Now see a paper that suggests experiments that might actually observe the mathematical latticework within which we are being simulated.  Assuming that lattice of time and position is cubic, as are all our current cellular automata models, then that spacing should show up in high energy physics experiments. (Of course, the uber-modellers might use a different stacking of cells, to mess us up! Better check for hexagonal and other crystal structures, as well!)

== And finally... ==

Science is not immune to controversy, especially around the edges. (Indeed, scientists are among the most competitive humans that our species has ever produced.) With science itself under concerted and deliberate attack by one entire wing of U.S. political life - (and sneered at by a few far-extremists of the other wing) - it would be surprising not to see the issues fester and broil even at sites like discovermagazine.com. See this essay, in particular, discussing why author Robert Wright has taken a sudden veer, inviting "prominent creationists" to inveigh upon his "bloggingheads" show without proper counter-weight foils or challenge.  Yes, he also brings on prominent atheists. All should be challenged in the spirit of reciprocal accountability.

While I have long recommended Wright's book NONZERO as a good way to introduce folks to the concept underlying our enlightenment -- the positive sum game - I have grown increasingly worried by Wright's foray's down avenues that veer away from science, modernity or even history.  Well well. It's too soon to judge... and maybe it's just a different standard of looseness in style of disputation. Indeed, I would generally trust Wright over his accusers! Still, we live in an era when polemic too-often trumps reason. Your reportage on this is welcome.

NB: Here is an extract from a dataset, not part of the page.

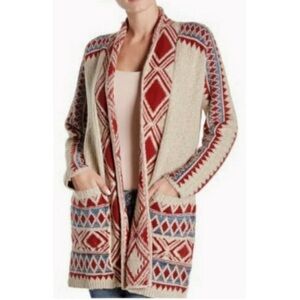 Lucky Brand Tribal Knit Long Line Cardigan Sweater w/ Pockets
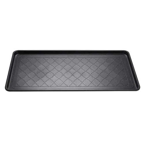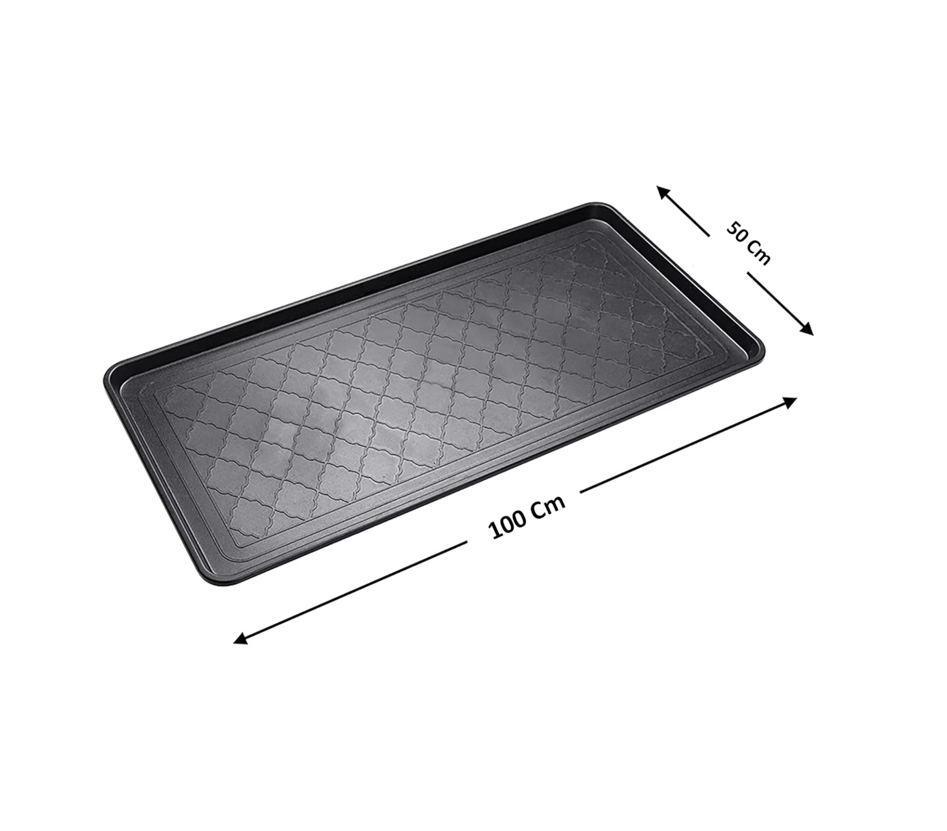 Универсална стелка багажник, пластмасова подложка, която предпазва подовите настилки от замърсяване или увреждане. Подходяща за употреба у дома, на терасата, в гаража, работилницата, мазето или в багажника на автомобила. Материал: Пластмаса Цвят: Черен Размери: 100 x 50cm Идеално приложение като поставка за: Обувки (покрити със сняг, мокри или замърсени) Саксии за цветя Купички за храна и вода за домашни любимци Кутии с боя по време на боядисване Акумулатори по време на зареждане и други.

And yes, there will be more social-political commentary soon.   So far, I have covered two major topic areas that ought to be significant (and overwhelming) for any U.S. citizen who claims to truly care about the future of America, the Western Enlightenment Experiment, and our species.  The Eight Reasons for Our Budget Deficit and the stark Difference Between the Ways that Democrats and Republicans Wage War. I don't expect to have much influence -- those who are persuadable by facts and evidence have long  ago taken sides, favoring the candidate who most often mentions the word "science."  Still, it's important.  And we all have uncles and aunts who just might listen.  Or read with a willingness to learn.